Я улыбаюсь во весь рот и более или менее выпрямляюсь. Более или менее, потому что у меня болит спина, и, главное, я не очень довольна собой. Я еду медленно, вдоль самого тротуара. Я не напеваю. Очарование исчезло, настроение упало. Есть чем гордиться — чемпионка паралитиков по плаванию брассом на дистанцию в полметра! Еще один смехотворный опыт. После всех прежних многочисленных “опытов”, которые, когда вспоминаешь о них потом, кажутся совершеннейшей ерундой. Вчера — а ну, тяни сильней! — это была попытка подняться по веревке с узлами. Тоже мне матрос! Позавчера одна моя знакомая решила просто так, для пробы, походить на руках. И эта моя знакомая основательно приложилась, угодив носом в таз с водой для посуды, оставленный Матильдой на полу. В самом деле, чего я хочу, что я пытаюсь доказать? Мне давным-давно известны пределы моих возможностей. Давным-давно я достаточно точно оценила оставшиеся в моем распоряжении средства. Разумеется, каждый человек волен давать себе определенные задания, проверяя собственные силы: это единственное, в чем преуспевают самоучки. Но от таких экспериментов, от одного только желания до чуда еще слишком далеко. А если бы на этот раз я потерпела неудачу? Если бы я глупейшим образом утонула, подарив сорок восемь кило фиолетового мяса лопастям турбин или затворам шлюза? Или еще того хуже: если бы меня подобрала красная спасательная лодка и мне пришлось бы давать какие-то немыслимые объяснения, прикинуться чокнутой? Я оборачиваюсь, бросаю взгляд на Миландра, который идет следом за мной — тихий, молчаливый, ограничиваясь тем, — вот хитрец! — что укорачивает шаги.

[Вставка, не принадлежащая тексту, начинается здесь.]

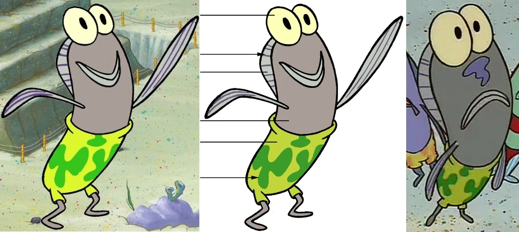 He is a grayish-brown fish with light yellow eyes and gray lips. He wears light green shorts with a dark green flower design, which are similar to Patrick's. In his older appearances, his eyes were a darker shade of light yellow, and the lines on his fins were colored purplish-gray instead of their default violet color. In his even older appearances, he had a purple dollop of sunscreen on where his nose would be.
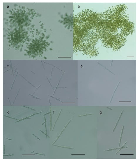 Micrographs of cyanobacteria investigated in this study. (a) Microcystis novacekii (AB2017/14); (b) Microcystis aeruginosa (AB2017/15); (c) Raphidiopsis raciborskii (AB2017/05); (d) Raphidiopsis raciborskii (AB2017/09); (e) Raphidiopsis raciborskii (AB2017/12); (f) Raphidiopsis raciborskii (AB2017/13); (g) Raphidiopsis raciborskii (AB2017/16). Scale bars indicate 50 µm.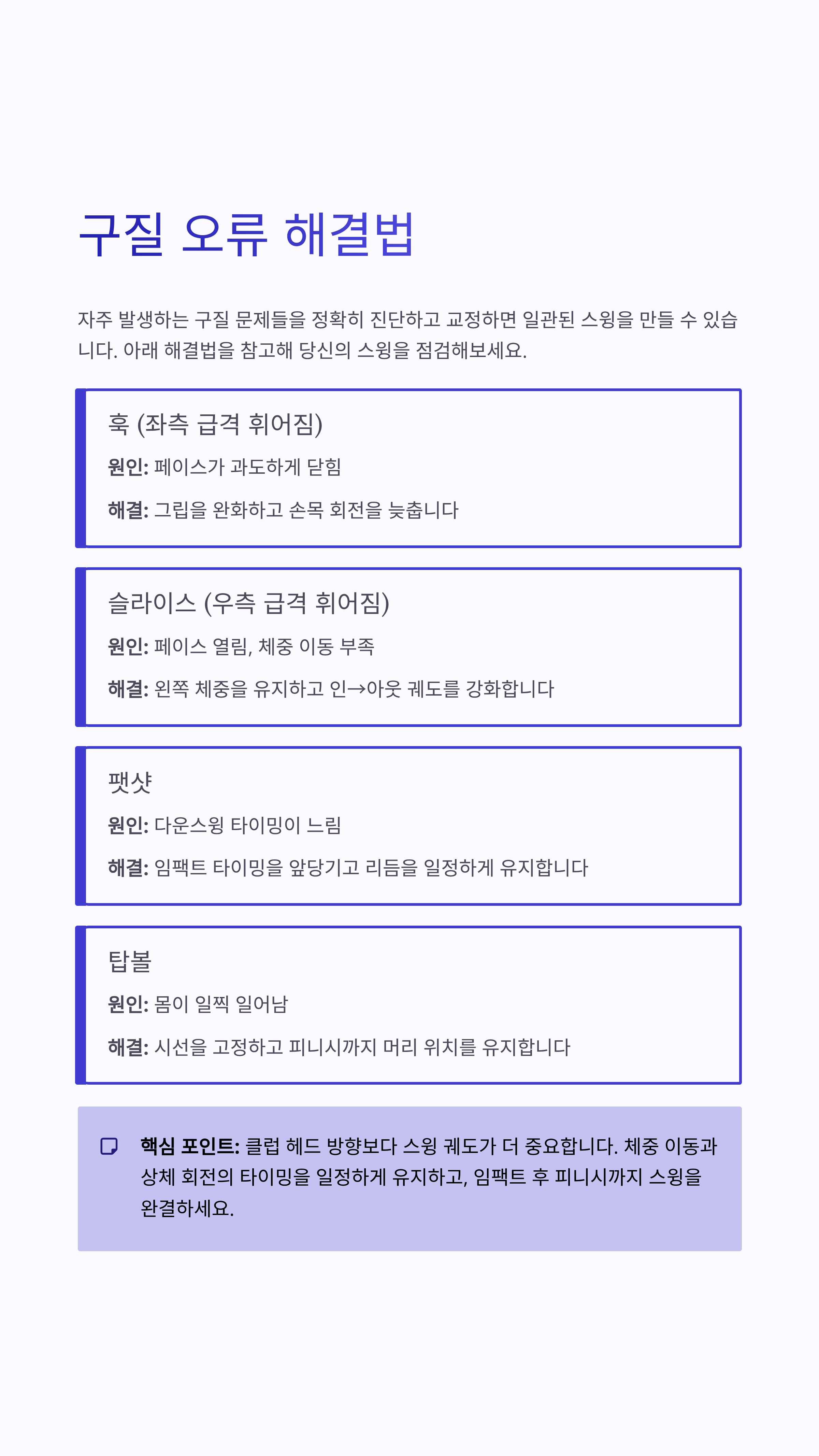 | 슬라이스 (우측 급격 휘어짐) | 페이스 열림, 체중 이동 부족 | 왼쪽 체중 유지, 인→아웃 궤도 강화 |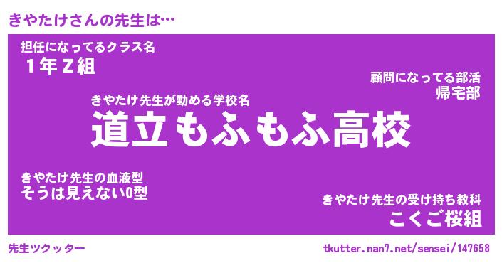 | ファンタジー風あだ名 | 『キヤフェル』『エターナルキヤタケー』 |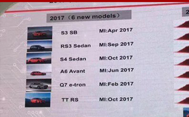 從曝光的產品規(guī)劃來看,2017年奧迪有6款新車上市。到目前為止,奧迪Q7 e-tron和A6 Avant已經(jīng)按照規(guī)劃正式上市。原本計劃在4月上市的S3 Sportback有望三季度正式投入市場,奧迪RS 3 Sedan在9月上市,而奧迪S4 Sedan與TT RS將于今年10月上市。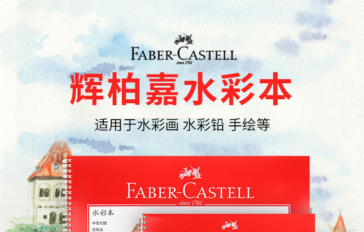 辉柏嘉(Faber-castell)水彩本16K粗纹230g20页/本水彩纸随身写生手绘水溶彩铅本速写马克笔绘画   收藏
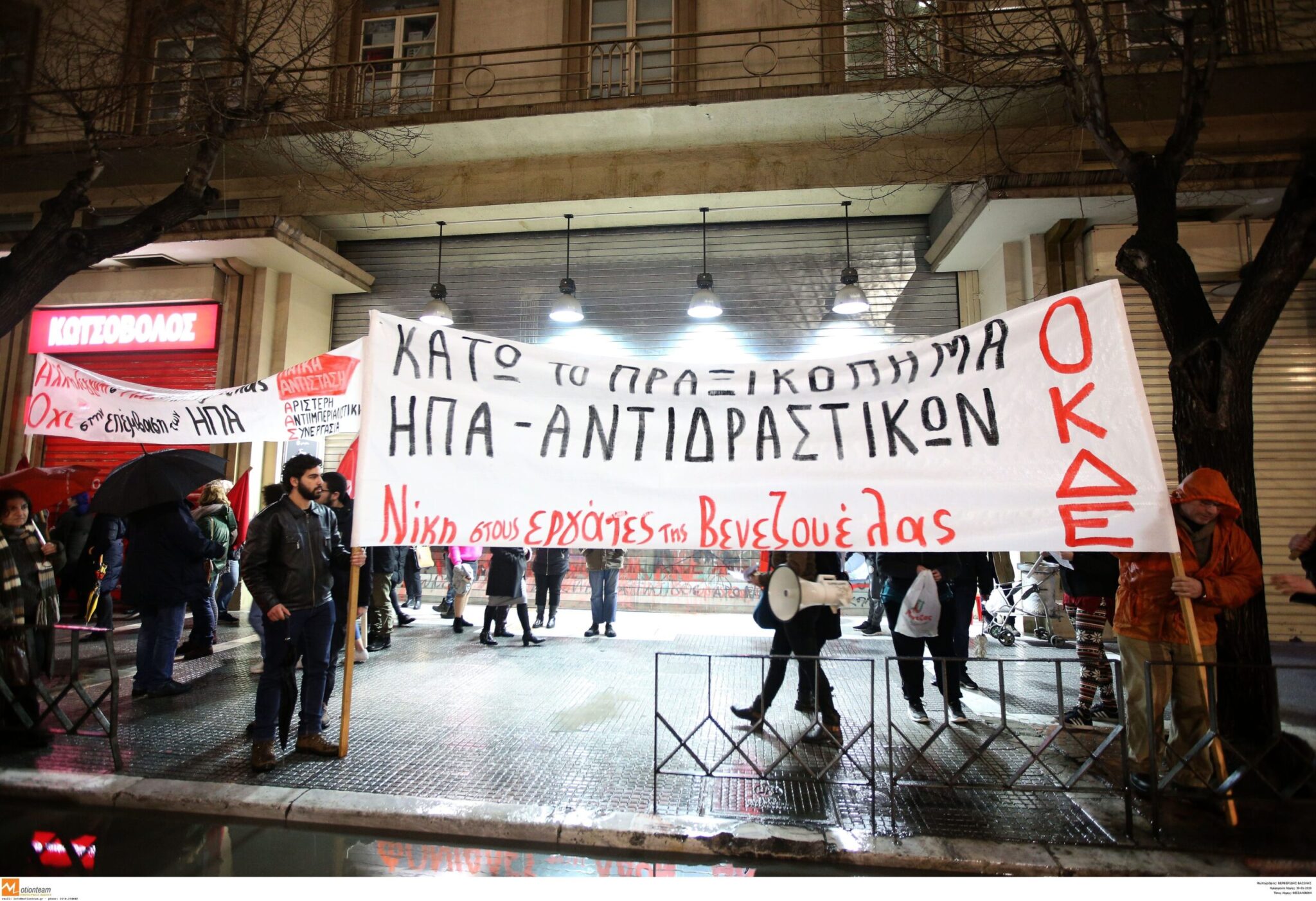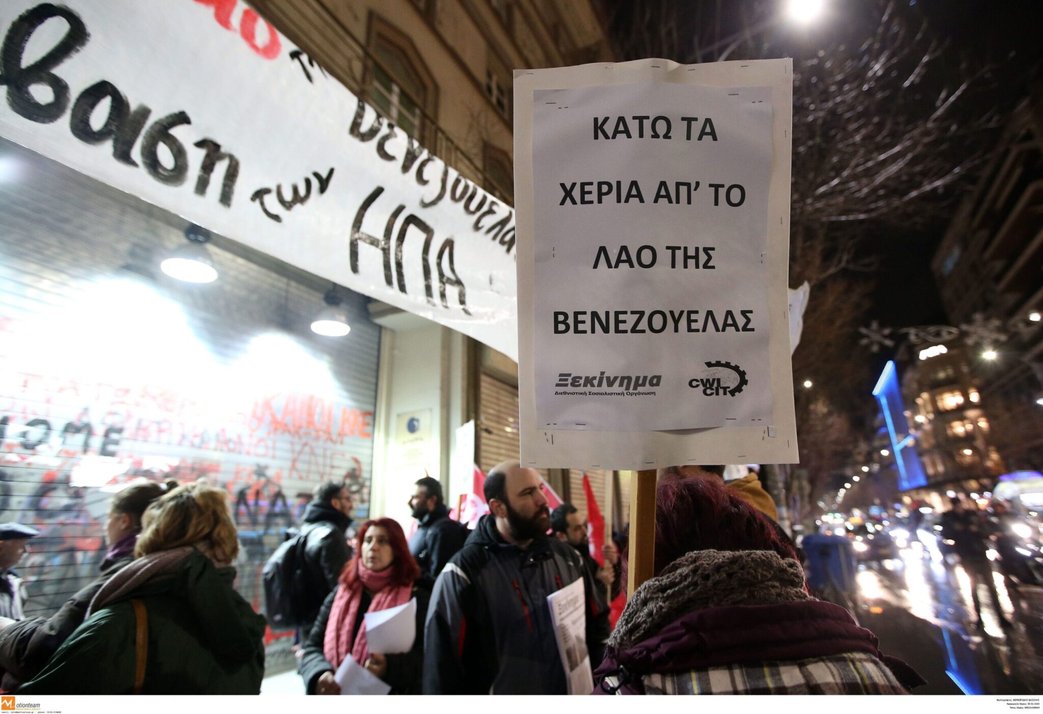 Συγκέντρωση διαμαρτυρίας για την κατάσταση που επικρατεί στη Βενεζουέλα, πραγματοποίησαν στην οδό Τσιμισκή, έξω από το προξενείο των ΗΠΑ στο κέντρο της Θεσσαλονίκης, πολιτικές οργανώσεις και συλλογικότητες της Αριστεράς.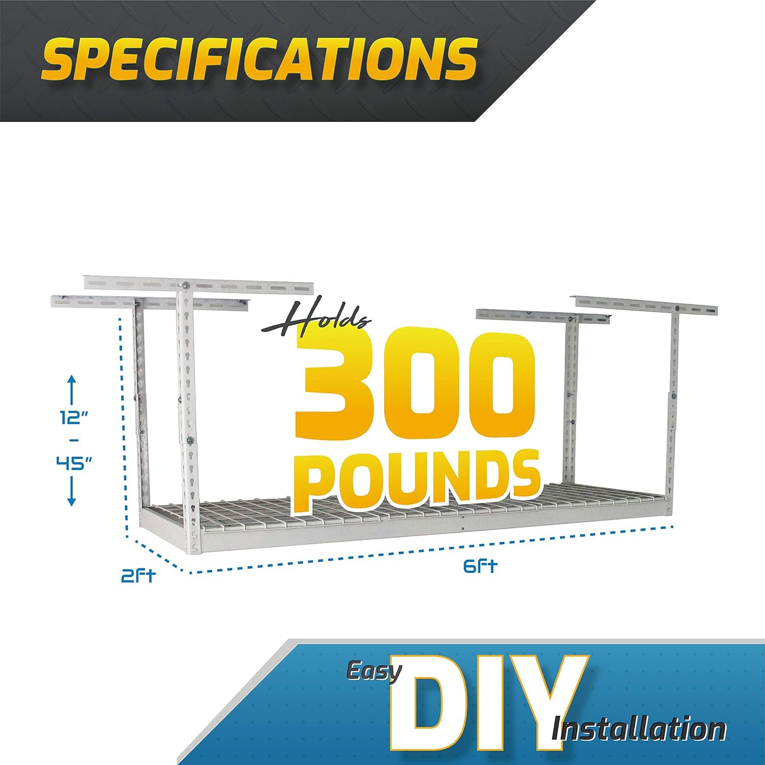 MonsterRax Overhead Garage Storage Rack 2 x 6 Ceiling Rack for Garage Shelving, Organization, & Storage, Adjustable Hanging Storage for Bikes, Equipment & Bins (White, 24"- 45" Ceiling Drop)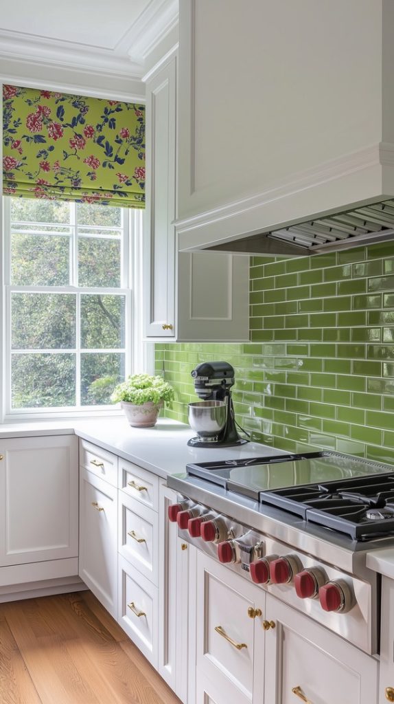 Bold Green Backsplash Paired with Natural Light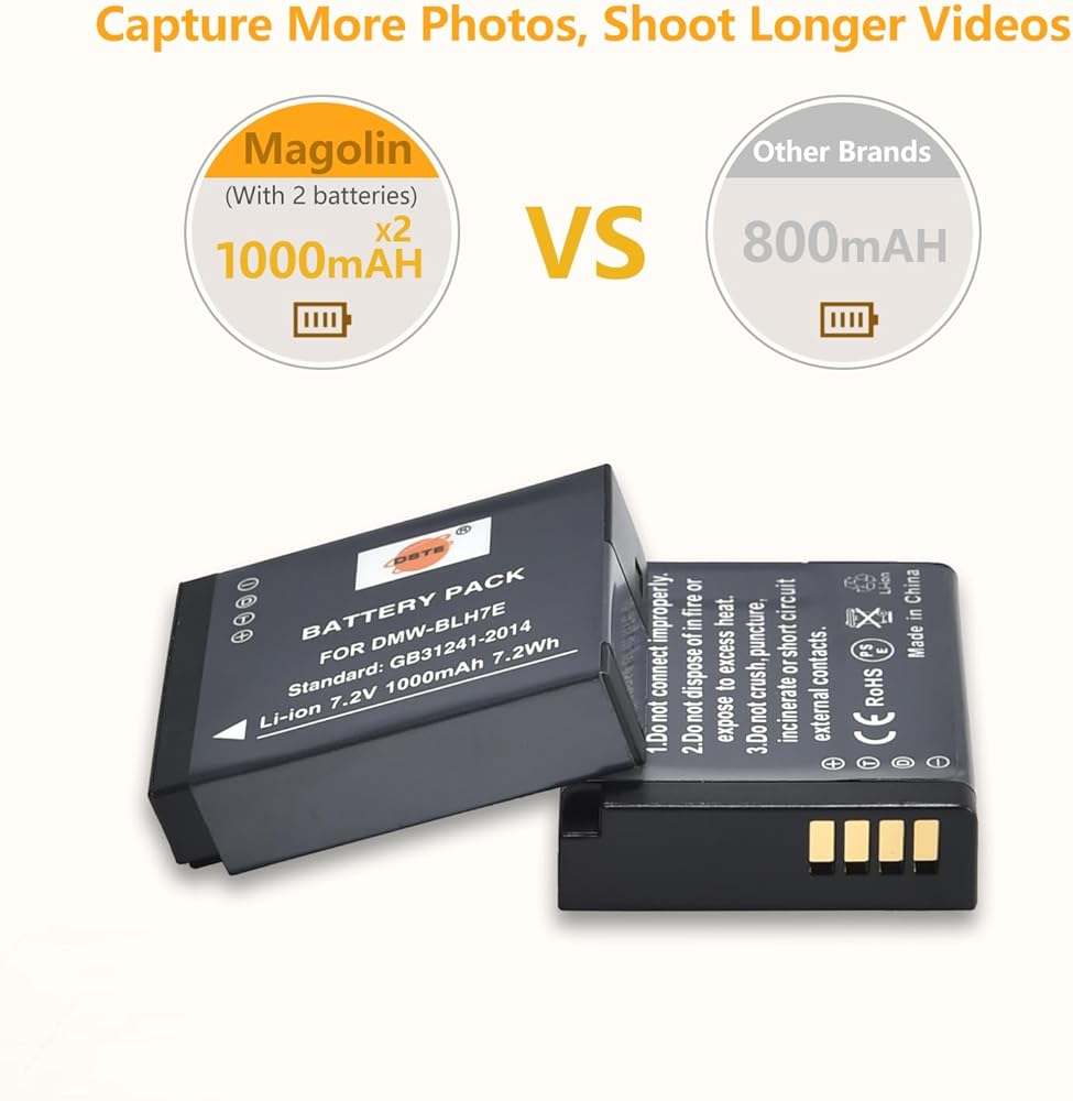 【سعة بطارية قوية】 تعمل الخلايا المتميزة على إنشاء بطاريات عالية الجودة. يمكن لبطارية DMW-BLH7E توفير المزيد من الطاقة لمزيد من اللقطات وتسجيل الفيديو لفترة أطول بناءً على سعة البطارية 7.2 فولت و1000 مللي أمبير في الساعة.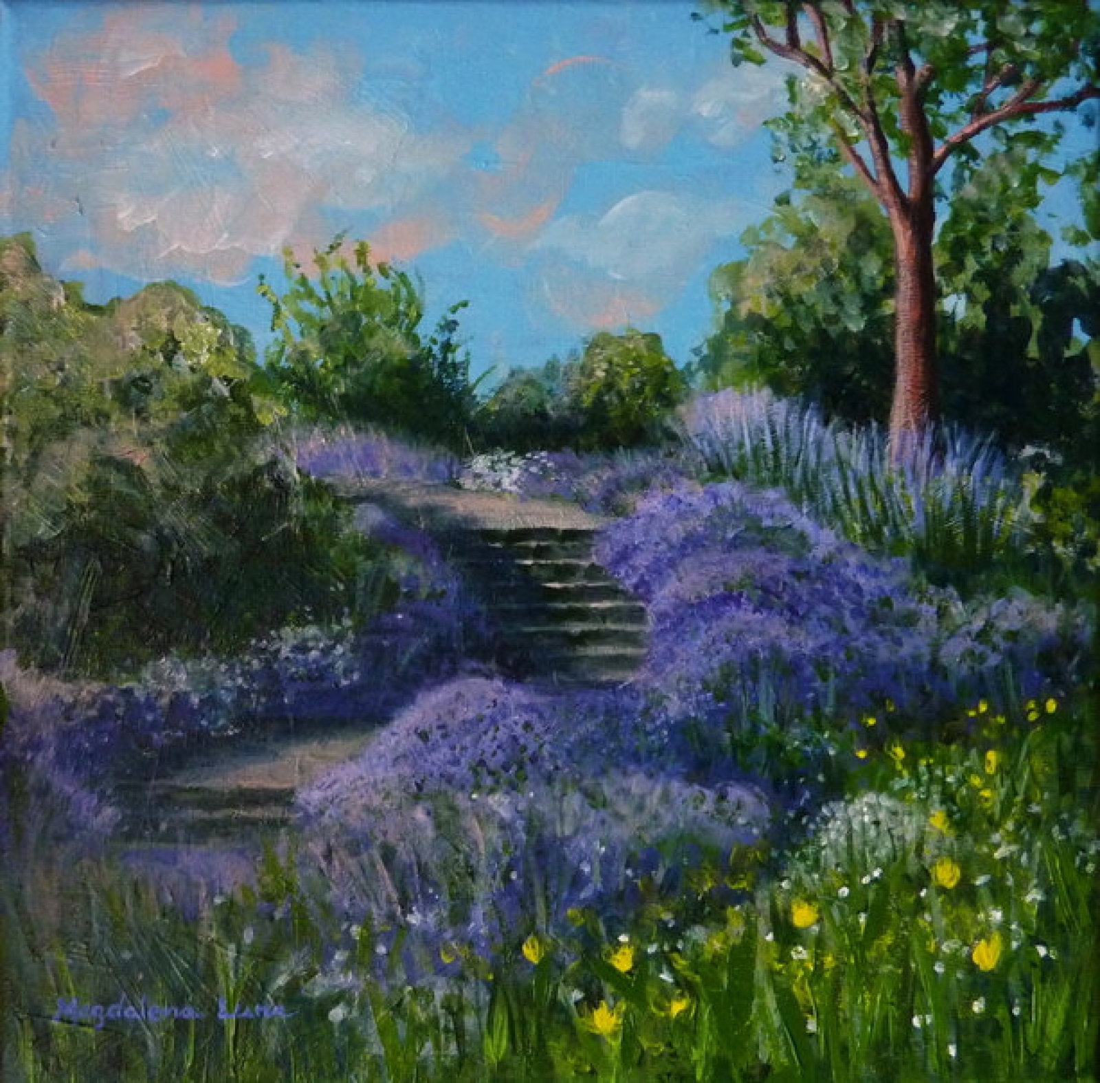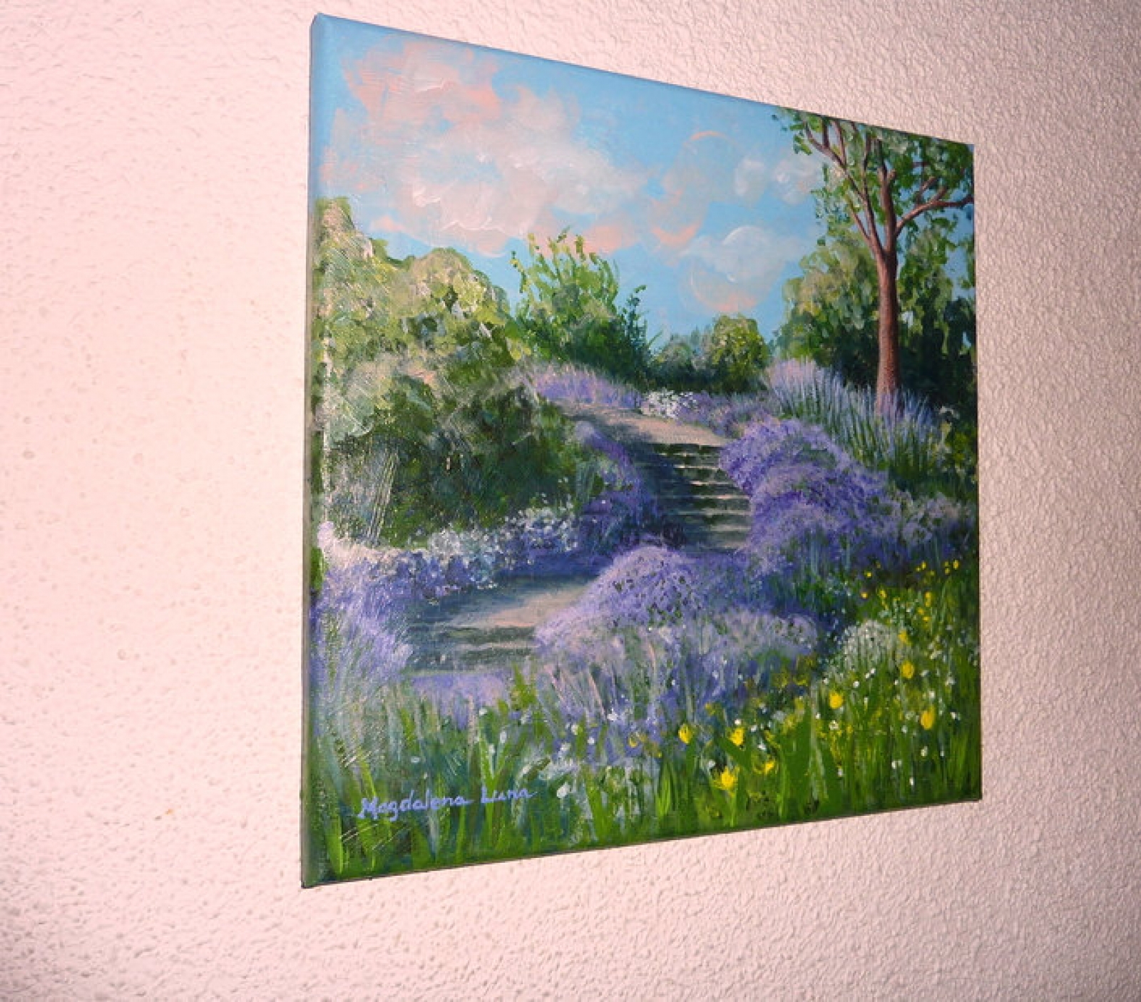 "Spring evening garden" is exactly that. A lovely mediterranean garden with a pathway across, calling for a quiet walk among the lavender bushes, yellow tulips and fragrant herbs.

— Ты считаешь меня кретинкой, да?
Люк слегка приподнимает одно плечо и осторожно отвечает:
— Тебе скучно.
Я стискиваю зубы. Скука — какое унизительное оправдание! Скука! Как это слово и тот смысл, который он в него вкладывает, далеки от меня! Он приписывает мне свою болезнь. Он решительно ничего и ни в чем не смыслит, этот бедный Люк, заурядный во всем, кроме дружбы, но неумный даже и в дружбе. Попытаемся ему объяснить:
— Мне не скучно. Мне не хватает себя.
Мои руки отпускают рычаги. Кресло останавливается. Почему-то я считаю нужным повторить настойчиво, ожесточенно:
— Мне не хватает всего.
Сейчас мы впадаем в сентиментальность — совсем хорошо. Я смотрю на подбородок Люка, на этот желтый, длинный, заостренный подбородок с большими черными точками, похожий на куриную гузку. Подбородок чуть-чуть дрожит.
— Я несправедлива. Вы с тетей такие…
Тщетно я вытягиваю губы: нужное слово не приходит мне в голову.
— Преданные, — подсказывает Миландр. — Мы преданные люди. Беспредельно преданные вам, мадемуазель.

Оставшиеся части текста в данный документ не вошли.